Stored dataset items:
━━━━━━━━━━

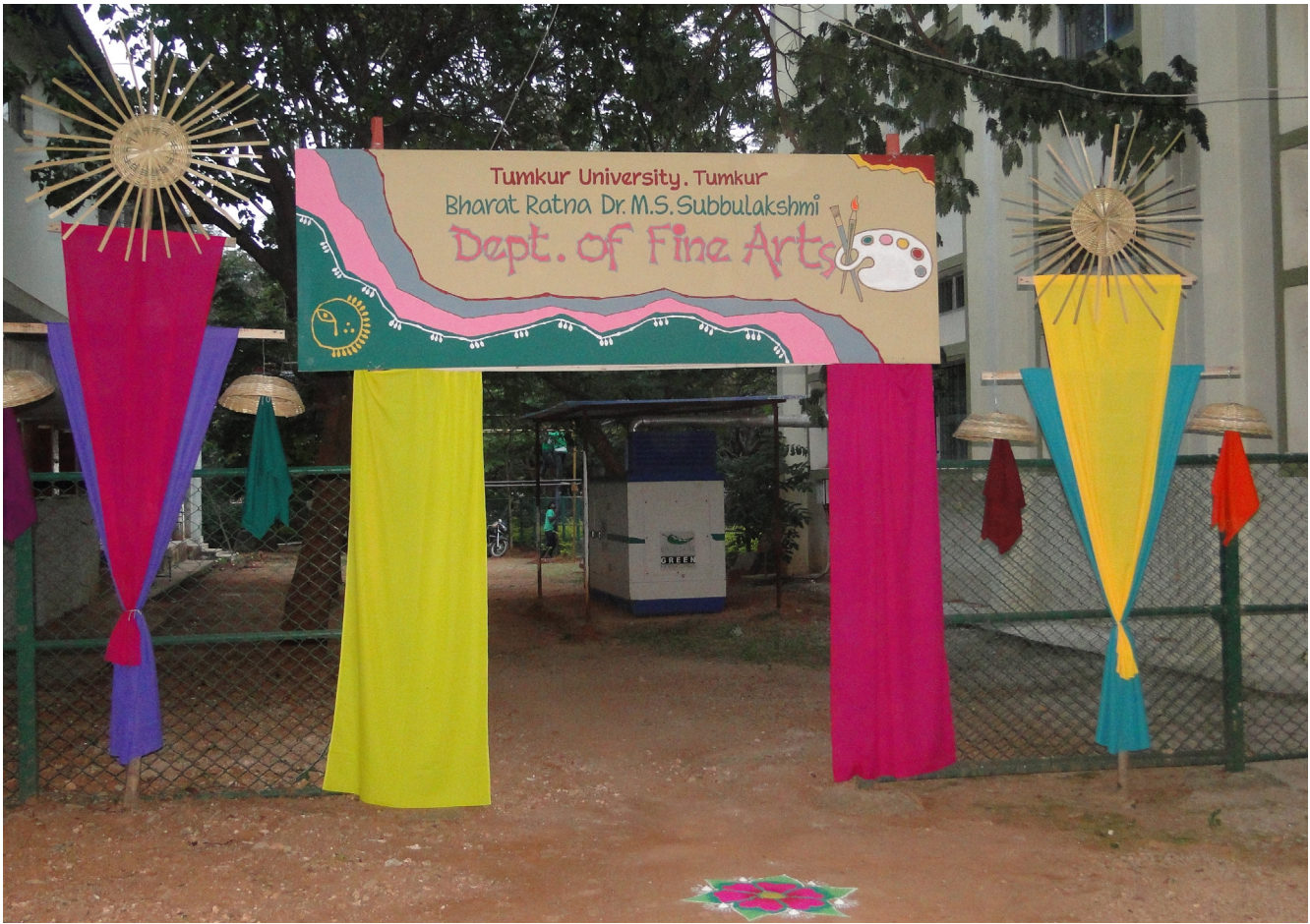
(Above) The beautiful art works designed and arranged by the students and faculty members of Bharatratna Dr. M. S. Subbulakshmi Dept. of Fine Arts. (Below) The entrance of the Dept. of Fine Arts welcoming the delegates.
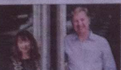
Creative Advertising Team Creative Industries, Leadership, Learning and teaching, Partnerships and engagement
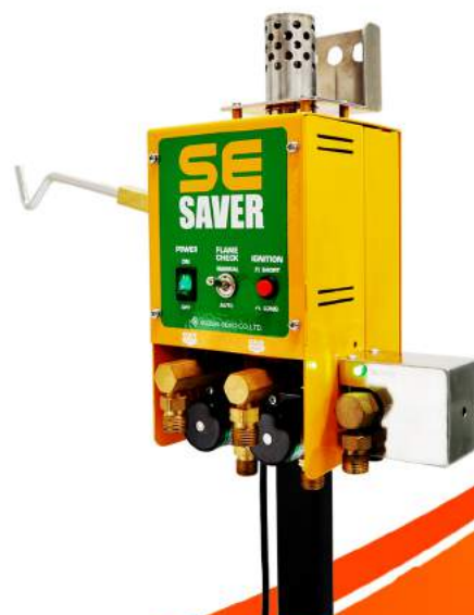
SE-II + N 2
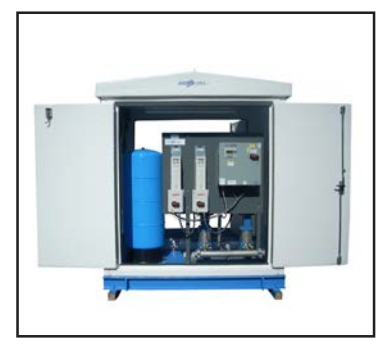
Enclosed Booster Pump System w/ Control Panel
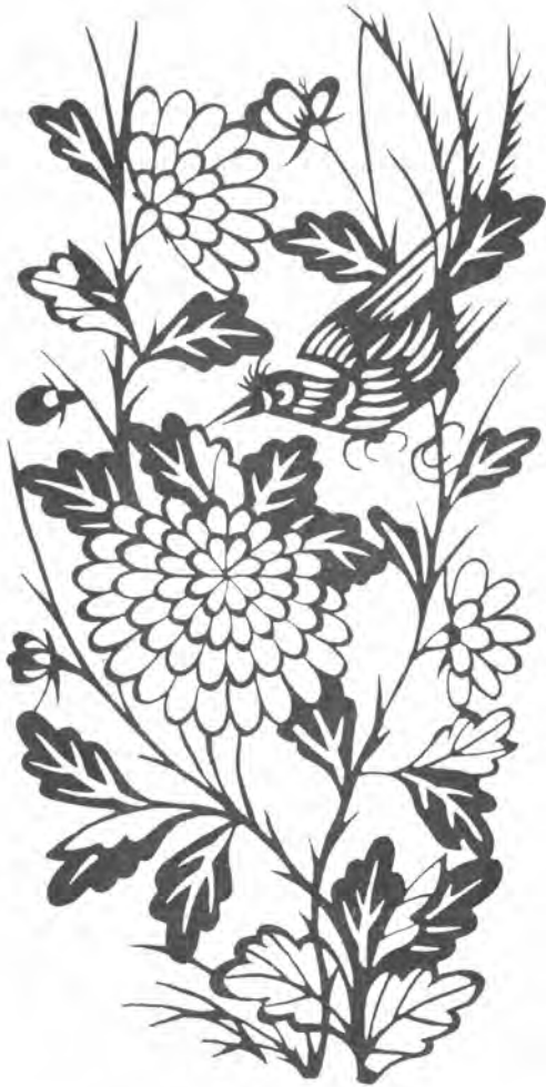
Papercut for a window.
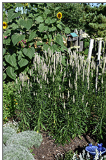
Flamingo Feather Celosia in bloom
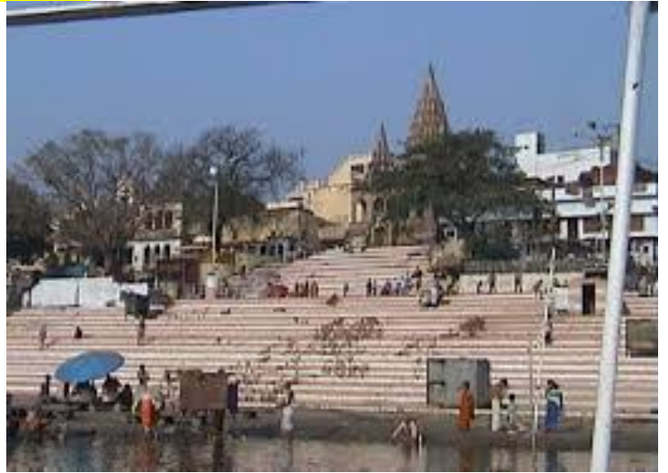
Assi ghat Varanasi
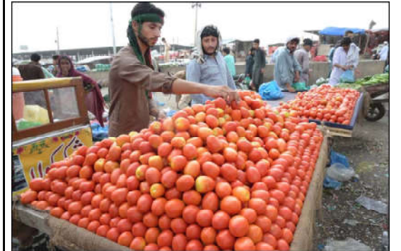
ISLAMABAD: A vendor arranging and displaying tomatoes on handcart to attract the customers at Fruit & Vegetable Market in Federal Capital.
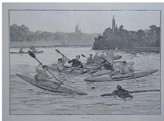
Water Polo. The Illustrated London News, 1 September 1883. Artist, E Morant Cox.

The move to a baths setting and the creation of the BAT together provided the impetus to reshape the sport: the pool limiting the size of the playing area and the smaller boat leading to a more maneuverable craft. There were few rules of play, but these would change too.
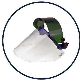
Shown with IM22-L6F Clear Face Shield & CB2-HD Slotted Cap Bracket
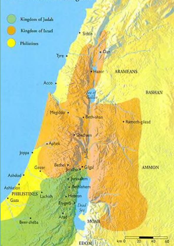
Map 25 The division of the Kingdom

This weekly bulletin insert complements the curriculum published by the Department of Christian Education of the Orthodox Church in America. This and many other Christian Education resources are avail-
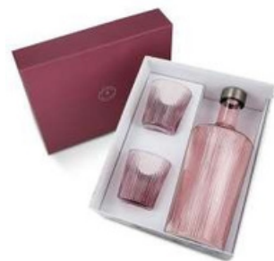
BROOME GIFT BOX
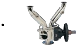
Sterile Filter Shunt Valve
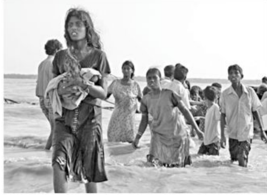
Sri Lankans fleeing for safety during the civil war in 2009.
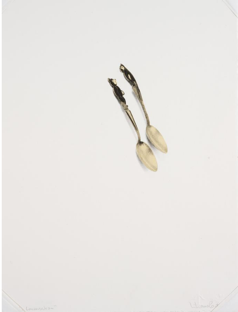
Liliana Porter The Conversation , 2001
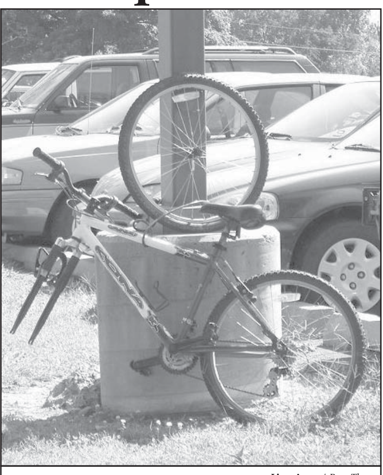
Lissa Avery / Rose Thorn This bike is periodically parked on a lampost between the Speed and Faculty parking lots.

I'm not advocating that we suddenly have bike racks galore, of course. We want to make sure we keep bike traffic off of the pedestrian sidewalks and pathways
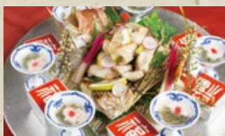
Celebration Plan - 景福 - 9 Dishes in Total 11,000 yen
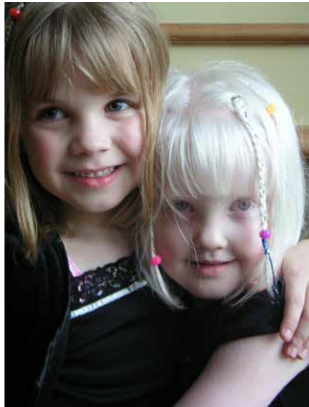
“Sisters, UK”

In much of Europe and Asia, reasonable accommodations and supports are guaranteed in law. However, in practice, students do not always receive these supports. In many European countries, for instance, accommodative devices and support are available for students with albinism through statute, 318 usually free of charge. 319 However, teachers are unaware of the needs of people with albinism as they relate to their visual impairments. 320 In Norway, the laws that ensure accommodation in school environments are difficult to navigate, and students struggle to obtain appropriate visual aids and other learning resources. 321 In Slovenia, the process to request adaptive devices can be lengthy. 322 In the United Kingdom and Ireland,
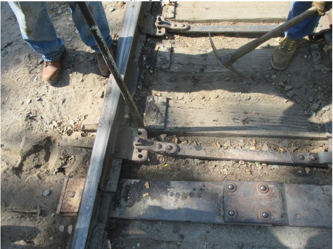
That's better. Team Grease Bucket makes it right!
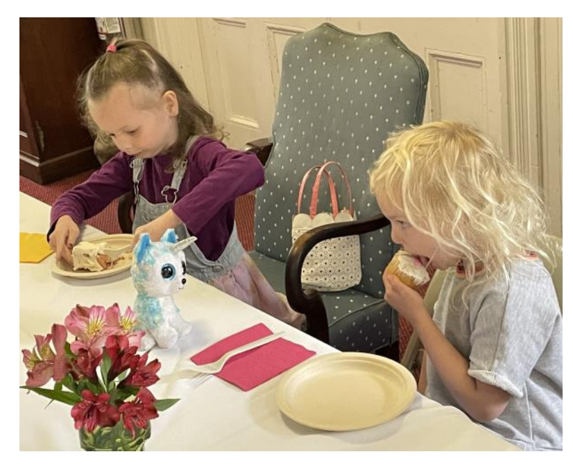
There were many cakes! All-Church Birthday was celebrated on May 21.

━━━━━━━━━━

WHAT IS BEING ASKED:
Copy the records above exactly, from the first line through the line containing "Assi ghat Varanasi", and leave out the pictures.

EXERCISE ANSWER:
(Above) The beautiful art works designed and arranged by the students and faculty members of Bharatratna Dr. M. S. Subbulakshmi Dept. of Fine Arts. (Below) The entrance of the Dept. of Fine Arts welcoming the delegates.
Creative Advertising Team Creative Industries, Leadership, Learning and teaching, Partnerships and engagement
SE-II + N 2
Enclosed Booster Pump System w/ Control Panel
Papercut for a window.
Flamingo Feather Celosia in bloom
Assi ghat Varanasi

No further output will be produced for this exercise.